In the fictional book The Echo Maker, by Richard Powers, the main character's brother suffers from Capgras Syndrome, as well as a few other delusions, including Cotard.

6 comments:

Barfight Bitch said...

I have been reading this essay breathlessly. I'm too confused now to react with content on the most amazing parts. Maybe later.
And "that" picture, at first, when I just tried to find out whom he was, I saw it and I didn't care much about it. I even studied it a bit. Soon after, when I found out more about him and got really interested, it gave a pain in my heart. I just cant look at it at all anymore.

Nacht uil

Unknown said...

I trained as an emergency medical technician, and we would sit there eating dinner while viewing all sorts of gory images (usually motor vehicle accidents, aka "stupids".) Suicide pictures have always bothered me because I sense the pain of the person who did it. Usually there's a lot of hopelessness, but in my friend's case there was this horrific hopelessness and this mental and emotional agony that had been there for so long. I felt like I'd been sucked into a black hole. And that some ass could be so cruel as to commit that psychological rape on him, exploiting him in that fashion out of jealousy and impotence made me ill. That sort of picture should only be taken by a forensics team, whose attitude is going to be clinical, not cumming in their pants with excitement at finding someone who had been their room-mate, for fuck's sake, had killed themselves.
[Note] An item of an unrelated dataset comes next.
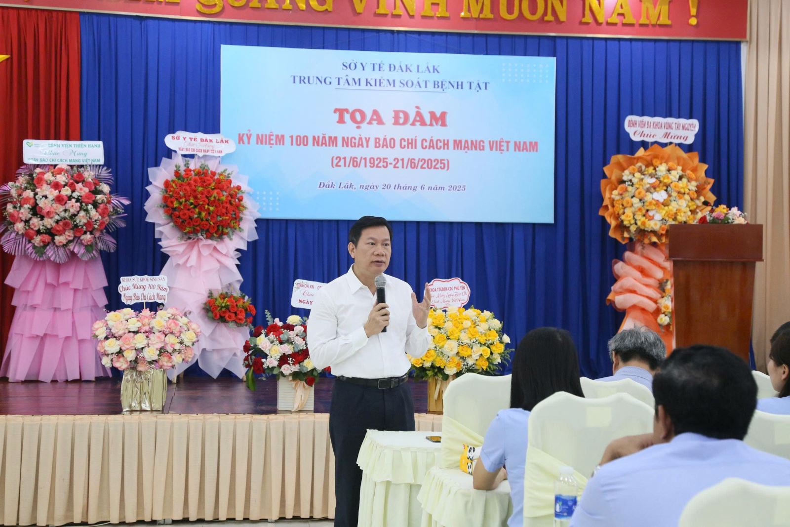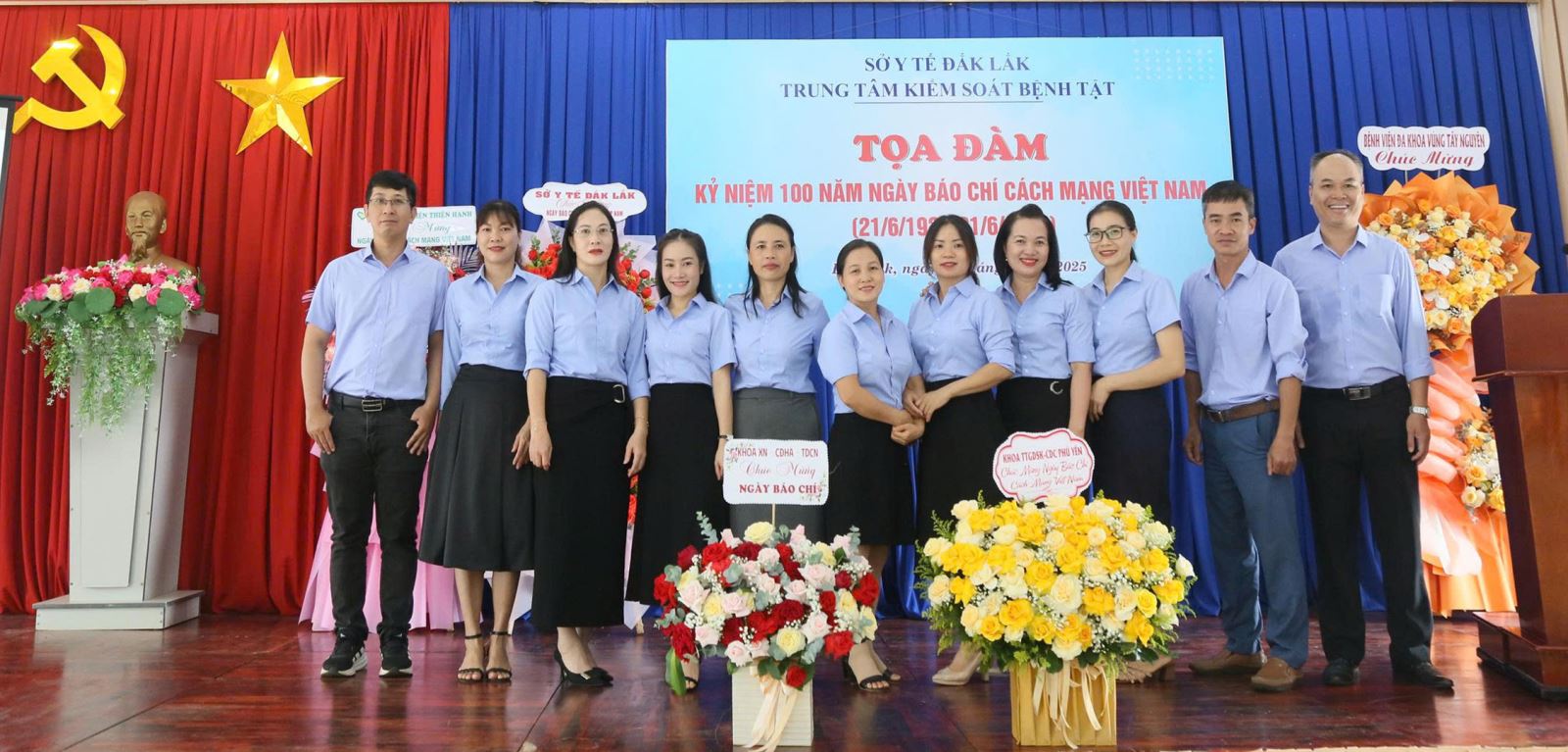Lãnh đạo ngành y tế và lãnh đạo Trung tâm KSBT gặp mặt cán bộ viên chức Khoa TTGDSK tại buổi Tọa đàm kỉ niệm 100 năm ngày Báo Chí Cách mạng Việt Nam (21/6/1925-21/6/2025).
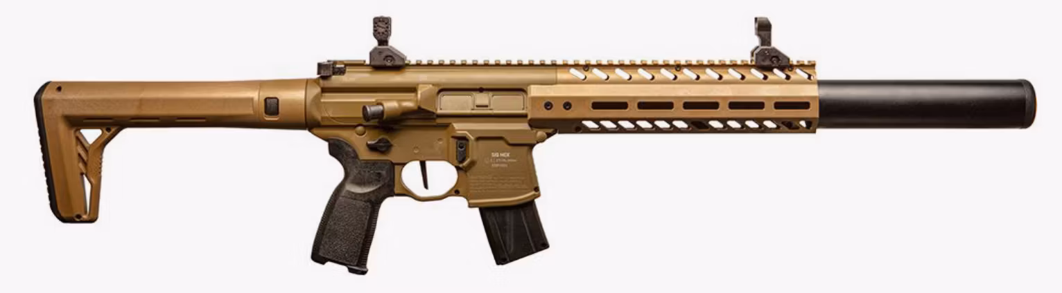 Modellen är en halvautomatisk kolsyreversion på SIG´s nya MCX-plattform. En kompetent automatkarbin med AR15/M-16 inspirerad design.

Even if I hadn't liked someone very much, if I found my room-mate like that I'd be upset and would, oh, I don't know...call the authorities??? Certainly I would never have taken photographs! Pelle/Dead may have had mental issues, but Arsewipe was a sociopath and a jealous little bitch, there is no doubt at all of that!

Barfight Bitch said...

Rape, that exactly how I felt about it. What arsewhipe did. Its made me sick and angry.

Barfight Bitch said...

... and the other roommate reacted strange too. Not so strange as arse, but just aphatic. I read an interview with him, saying that...
I can't. Its not necessary to repeat his words. It was a nasty cold description of what happend afterward. Maybe you saw the interview too.

Unknown said...

Yeah, good old apathetic Hellhammer. Not knowing him in person, just by circumstance, I'm also tempted to say he's sociopathic to a degree, just more polite. I don't think he's dangerous and he doesn't get off on other people being hurt, he just doesn't care. I seriously doubt that he's ever been in any kind of long-term relationship. Most people like to have their partner care about them, at least to a degree.
Necrobutcher seems the least screwed up of Mayhem fellows. His psychological problems are more common, being depression and use of mind-altering substances. Although I understand that his family of origin is not exactly something wonderful, his father and uncle at any rate being fascists of a sort. He seems like a decent enough guy, though, actually possessing the capacity to care about other people.

Barfight Bitch said...

Yes, I like Necrobutcher. Honest guy I think. And I also like that he turned his back at arsewipe immidiatly, when he did those cowardly-tough things. Arsey found it a deed of brave guts, what he did. But this is more about a lack of honour than bravoury.
I think eating that spicey sandwich is a tougher deed of him than taking pictures of someone who died.